Today, Tawake uses traditional practices in combination with modern conservation techniques and science to protect habitats and fish populations in Fiji. He is a fellow at the University of the South Pacific and a founder of the Locally-Managed Marine Area Network, a coalition that implements community-based marine management in the biologically rich South Pacific. The network trains community members in scientific methods that validate traditional practices such as temporary no-take zones and seasonal bans. It is one of a number of conservation initiatives worldwide supported by the MacArthur Foundation that integrates local wisdom with the science of conservation.

The power of the tabu
Fiji's first locally managed marine area site was in the village of Ucunivanua, where clams were once plentiful. But by the early 1990s, "it could take a whole day to harvest clams because there weren't many in the mudflats," says Ratu Pio Radikedike, a young chief of Ucunivanua.

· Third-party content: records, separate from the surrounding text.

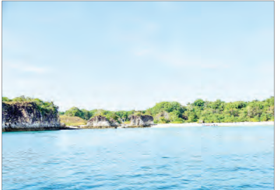
စမတ်ကျွန်းကို တွေ့ရစဉ်။
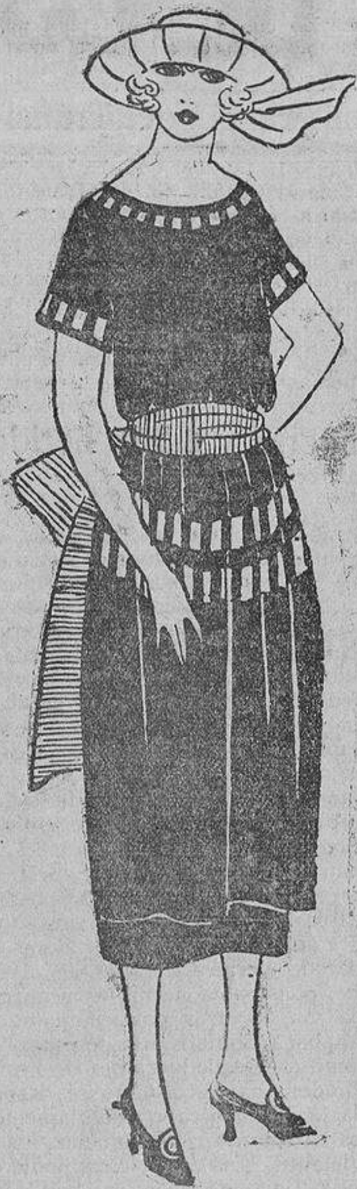
De gabardina azul marino, entredosés de tiras de la misma tela, sobre fondo rojo. La sobrefalda va unida a los lados. Espalda lisa.
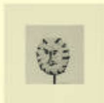
Pablo Picasso: Visage, n.d
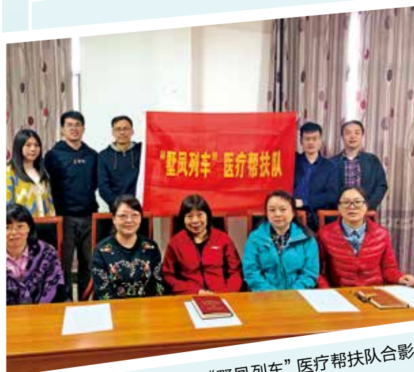
“墅凤列车”医疗帮扶队合影
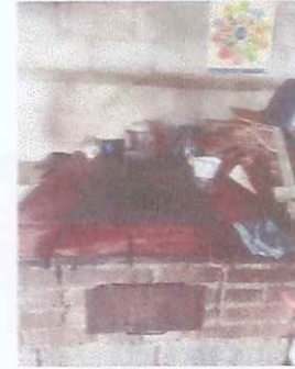
CAMBIO DE ESTUFA DE LENA CON CHIMENEA

Observación: Si es necesario se pueden agregar hojas adicionales y actualizaciones de hojas.
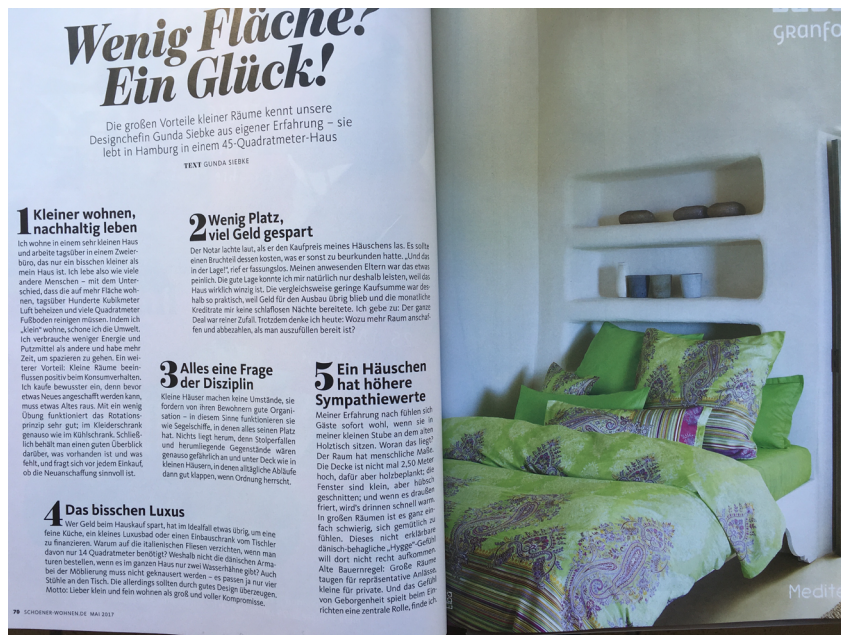
// Abbildung 2 Fünfpunkteprogramm zur Minimalwohnung. In: Schöner Wohnen, Mai 2017, S. 70–71

In den Analysen gilt es den gesellschaftlichen Ort der Wohnzeitschrift, ihren Ort im Feld des Wohnens und das Wohnen der aufgeblätterten Seiten zu präzisieren und damit ihre Position in Wohnwissen, Schau_Platz und Pädagogisierung zu lokalisieren. Die Zeitschrift ist ein spezifischer Display, ein angeordneter und serialisierter Verbund von Bildern und Texten, Bilder- und Textsorten. Wenn der Display der Wohnzeitschrift zugleich als soziales Geflecht verstanden wird, geht es also nicht nur darum, was und wie die Zeitschrift tut, sondern es bleibt auch die Frage: In welcher gesellschaftspolitischen Konstellation – man kann auch sagen, in welchem gesellschaftlichen Display – steht die Zeitschrift selbst? Ein Pfad führt an die Schnittstelle von Wohnen und Warenproduktion. Und diese Lokalisierung macht die Wohnzeitschrift anscheinend auch ‚verdächtig‘. Denn wie Wohntheoretiker_innen und Wohnerzieher_innen formulieren und formulierten, verführten die Wohnzeitschriften die Wohnsuchenden, blendeten ihren Blick und Verstand. Solche Äußerungen sind seit dem 19. Jahrhundert

For two years in the late 1990s, the University of the South Pacific conducted training in environmental education and scientific skills with volunteers from Ucunivanua village. As an experiment, a team of 20 local managers staked out a no-take area in the mudflats near the village and asked the chief to hold a ceremony declaring a five-year tabu. The team sampled the clam population at 10-meter (10.9 yard) intervals, analyzing their results statistically and establishing a baseline of clam populations. Within a year, the numbers of clams in and adjacent to the refugia area were much higher and the size of clams larger. Soon villages throughout Fiji and the Pacific Region were inspired to set up their own locally managed marine areas. At the end of the three-year study in Ucunivanua, there was a 165-fold increase in clams inside the refugia and a 58-fold "reseeding" increase in the harvest sites nearby.

The return of the wrasse
In Tawake's home village of Daku, a four-year ban on taking all fish and marine resources, including humphead wrasse, is showing results. While the fish were once so scarce that each wrasse swam alone, in the past year groups of the fish have been spotted swimming together. The variety and numbers of fish have grown dramatically. And the leatherback turtle, after an absence of some 15 years, has reappeared on the beaches.

In Ratu Pio's village, the five-year tabu has been extended indefinitely, because the reseeding effect provides adequate supplies of clams. The chief now works as a technical advisor to the Fiji Department of Fisheries. "I am moving around Fiji spreading the gospel of conservation," he says. "Nearly all the places I go to and share my village experiences are following in the footsteps of Ucunivanua."